Rudradeep Bhattacharya

Extending Arts Practice
2007-2008

Grant Period: Over nine months

Rudradeep Bhattacharya holds a diploma in Film & TV Production from the Xavier Institute of Communications in Mumbai and has made short films that have been screened both in India and abroad. Through this screenplay development project, Rudradeep will paint an imaginative portrait of the European sojourn of Hindi writer, Nirmal Verma, and adapt his literary knowledge of the man to a new cinematic language. Rudradeep’s screenplay will capture the essence and mood Nirmal Verma’s work.

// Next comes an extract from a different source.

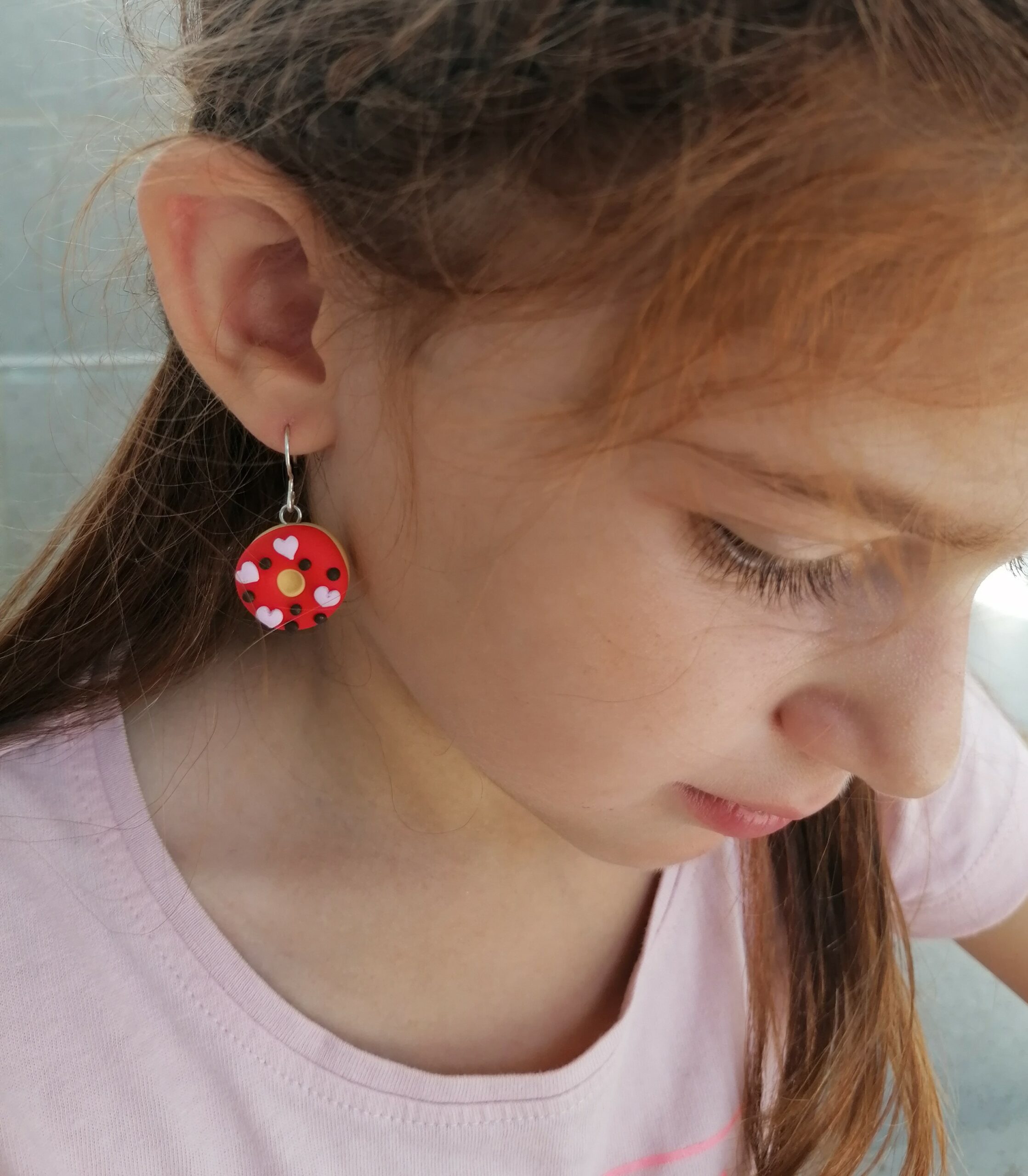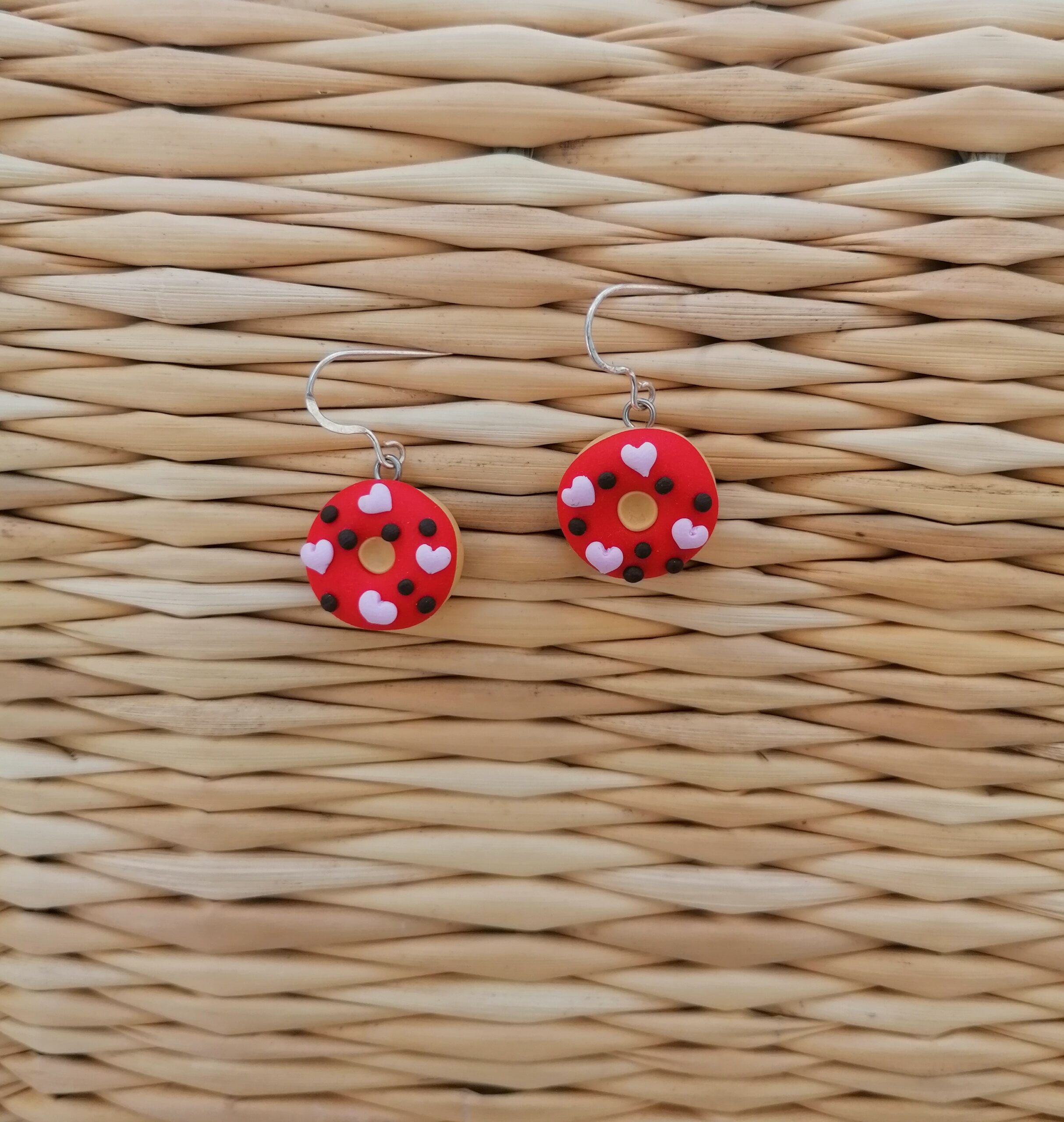 Χειροπίητα κρεμαστά σκουλαρίκια απο πολυμερικό πηλό, κόκκινο donut με ροζ καρδούλες. Το καρφάκι που μπαίνει στο αυτί είναι απο ασήμι 925.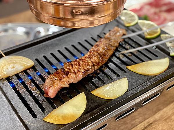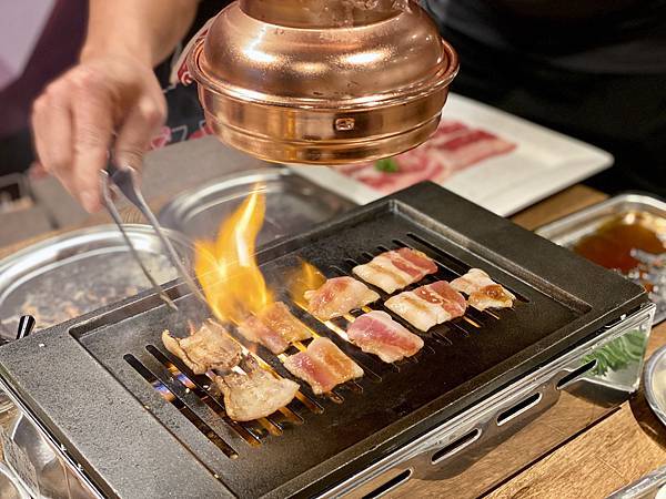 店家建議先從較有油脂較豐富的肉品開始烤,比較不會黏網,

Nirmal Verma began publishing short stories in the early 1950s. His first collection, Parinde (1958), propelled him to the forefront of the Nai Kahani ‘New Story’ movement. In 1959, he was invited by the Oriental Institute in Prague, Czechoslovakia, to translate modern Czech writers like Karel Capek and Bohumil Hrabal into Hindi. During his decade long stay in Czechoslovakia, he travelled extensively through Europe, writing about the socio-cultural situation prevailing in these countries. He was deeply disturbed by the corruption, poverty, and intellectual censorship he witnessed in the Eastern Bloc, and hailed the Prague Spring as a new chapter in human freedom. Verma’s writing, pre-occupied as it was with alienation and death, provided a stark contrast to the Left-leaning social realism that was popular amongst his peers. Many of Verma’s stories are set in Europe, featuring European characters, but effortlessly convey universal aspects of their situation.

The scope of the project is limited to the period of 1959-1970, when Nirmal Verma was first in Prague, then in London. This period is crucial to understand Verma’s transformation from being a card-holding member of the Communist Party to one of its vehement critics. Though a typically apolitical writer, Verma’s decision to write in Hindi was, at once, a creative and political decision. When Rudradeep first read Nirmal Verma in translation, he was immediately drawn to the writing, which was unlike anything that he had read in Hindi before. The challenge of developing a screenplay on the life of a writer in a way that foregrounds language is Bhattacharya’s main preoccupation. Rudradeep is quite clear that Nirmal Verma’s strong ‘fidelity’ to the Hindi language will be an inherent part of the proposed screenplay, and language will be a central tool in the telling of the story itself. He seeks to use language both as a ‘barrier’ and as a ‘facilitator.’

Another complexity of the screenplay writing process is that though it is possible to see Verma’s foreign characters conversing in Hindi in the space of one’s imagination, how does this translate into film? Such problems, which do not arise in literature, do so in this case, and therein lies the biggest challenge for Rudradeep. The task, while being creatively challenging in itself, is also fraught with all the pitfalls of speculative fiction, especially as the subject in question is not a fictional character. Rudradeep’s plans to fuse fictional characters with real ones can be illustrated through a short story titled ‘Dedh Inch Upar’ (‘One-and-a-half Inches Above’), which, much like Camus’ ‘The Fall’, is actually in the form of a monologue by an inebriated gentleman in a bar in London. Rudradeep endeavours to paint a picture of those heady days in Prague through the eyes of a struggling young Indian writer, who happens to find himself in the centre of it all.

The first part of the project will focus on Verma’s newspaper articles published regularly in The Times of India as he travelled through Europe. The next section will include historical research on the period, and, finally, Rudradeep will focus on other writers’ pieces on Verma. He will also talk to a cross-section of people who knew Verma personally and/or through his writings.